Antik ulus Xian Le’nin geniş bir bölgesi, engin kaynakları ve halinden memnun bir halkı vardı.
Ülkenin dört hazinesi vardı: her yerdeki narin güzellikleri, harikulade sanatsal & edebi
eserleri, mücevherler & altınlarla dolu hazineleri ve sonuncu ama en önemlisi Ekselansları,
Veliaht Prensi.
Bu kişinin, Ekselansları Veliaht Prensin… tuhaf birisi olduğu söylenebilirdi.
İmparator ve İmparatoriçenin gözbebeğiydi. Sürekli üzerine titrer, sık sık gururla
duyururlardı: “Gelecekte, benim oğlum bilge bir hükümdar olacak, nesiller boyunca ondan
saygıyla bahsedilecek.”
Ancak soyluluk, zenginlik, güç ve onur konularının hiçbirisi Veliaht Prensin ilgisini
çekmiyordu.
İlgilendiği tek şey, sık sık kendi kendisine söylediği kelimelerden alıntı yapmak gerekirse;
“Ben halkı kurtarmak istiyorum!” idi.

Genç prens içten bir şekilde çalışarak kendisini geliştirdi. O zamanlara ait iki kısa hikaye ise
ağızdan ağıza yayıldı…
İlk hikaye o on yedi yaşındayken meydana gelmişti.
O sene, Xian Le ulusu görkemli bir Tanrılara Adak Sunma töreni gerçekleştiriyordu.
Her ne kadar bu gelenek sayısız ülke tarafından terk edilmiş olsa da, antik yazılar ve halk
hikayelerinden geriye kalanlar düşünüldüğünde, etkinliğin ne kadar önemli olduğu tahmin
edilebilir…
Tanrılara Adak Sunma günü, Savaş Tanrısı Ana Caddesi.

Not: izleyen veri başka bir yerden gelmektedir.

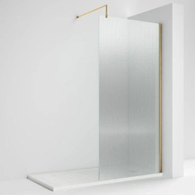 Nuie Fluted Wet Room Screen 1850mm High x 1000mm Wide with Support Bar 8mm Glass Brushed Brass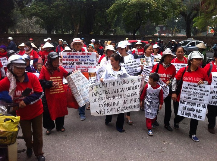 VRNs (07.01.2015) – Trong những ngày đầu năm 2015, bất chấp thời tiết giá lạnh của Miền Bắc, bà con dân oan khắp nơi, già trẻ vẫn ngày ngày xuống đường, cầm biểu ngữ đi qua các con phố, đứng trước cổng các cơ quan công quyền phản đối chính sách bất công của nhà cầm quyền qua việc cưỡng chế đất đai, nhà cửa bắt người bỏ tù. Việc làm của bà con dân oan ít nhiều đã gây được sự chú ý và thức tỉnh của người dân qua đường về tình trạng bất công đang diễn ra trên đất nước này.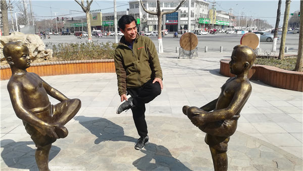 在表現(xiàn)兒童游戲“斗雞”的雕塑前,兩個光背孩童獨腿站立,分別搬著另一條腿作戰(zhàn)斗準備。那生動的畫面,令40多歲的市民尚巖青忍俊不禁,他也獨腿站在雕塑中間,像個開心的孩子一樣,搬著腿和雕塑中的頑童組成一起斗雞的場景。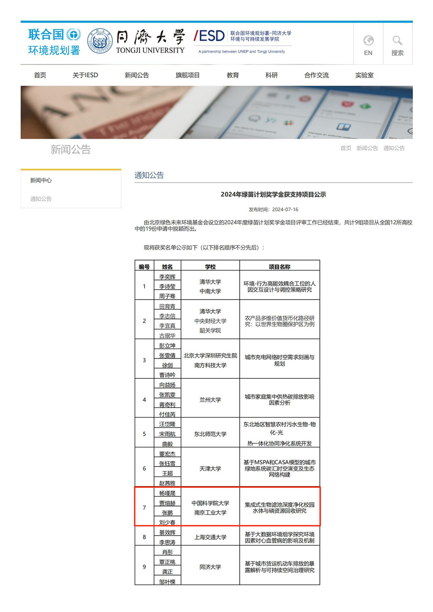 日前,联合国环境署-同济大学环境与可持续发展学院公布了2024年绿苗计划奖学金支持项目。本年度绿苗计划奖学金共资助了来自清华大学、北京大学、上海交通大学、同济大学等国内一流高校的9个项目团队。由我校伟德betvlctor1946源于英国赵贤广教授指导,硕士生张鹏、本科生刘少春,联合2020届校友、中国科学院南京地理与湖泊研究所博士生杨瑾晟共同申报的“集成式生物滤池深度净化校园水体与磷资源回收研究”项目成功入选,是我校师生首次获得该项目资助。

Ana Caddenin her iki tarafı da insanlarla dolup taşıyordu. Aristokratlar yüksek binaların
üzerine kurulmuş dost canlısı sohbetlerini sürdürürken imparatorluk muhafızları şıngırdayan
etkileyici zırhlarıyla çoktan yolu temizlemişlerdi. Genç kızlar kar beyazı elleriyle çiçek
yapraklarından yağmurlar yağdırarak gökyüzünü göz alabildiğince doldururken zarafetle dans
ediyorlardı. Onları izleyenler ise çiçeklerin mi yoksa kadınların mı daha güzel olduğuna karar
veremiyordu. Melodik notalar altın arabalardan çınlayarak tüm İmparatorluk Şehri’nde
süzülüyordu. Onurlu muhafızların arkasında altın dizginli on altı beyaz at, görkemli platformu
sürüklerken yan yana yürüyordu.
Yüksek, görkemli platformun üzeri herkesin ilgi odağıydı. Orada dövüş sanatları ustası,
tanrıları memnun edebilmek için bir gösteri sergiliyordu.
Kutsal geçit töreni festivali boyunca dövüş sanatları ustası altın bir maskeyle süslenir,
muhteşem giysiler kuşanır ve bir eliyle kılıcını savururdu. Onun rolü, bin yıl içinde şeytani
yaratıkları bastırmayı başaran ilk savaş tanrısıydı – Savaş Tanrısı Semavi İmparator Jun Wu.
Böyle bir gösteride dövüş sanatları ustası olarak seçilmek en yüksek onura eş değerdi, seçim
kriterleri oldukça katı olurdu. O sene ise seçilen kişi Ekselansları Veliaht Prens’ten başkası
değildi. Tüm ulus onun, gelmiş geçmiş en muhteşem performansı sergileyen dövüş ustası
olacağından adı gibi emindi.
Ancak o gün beklenmedik bir şey oldu.
Şeref kıtası şehrin duvarları etrafında üç tur atmış ve bir düzineden fazla uzun şehir duvarının
bulunduğu bir kenardan geçiyordu.
Tam o sırada görkemli sahnedeki Savaş Tanrısı, iblise ölümcül darbeyi indirmek üzereydi.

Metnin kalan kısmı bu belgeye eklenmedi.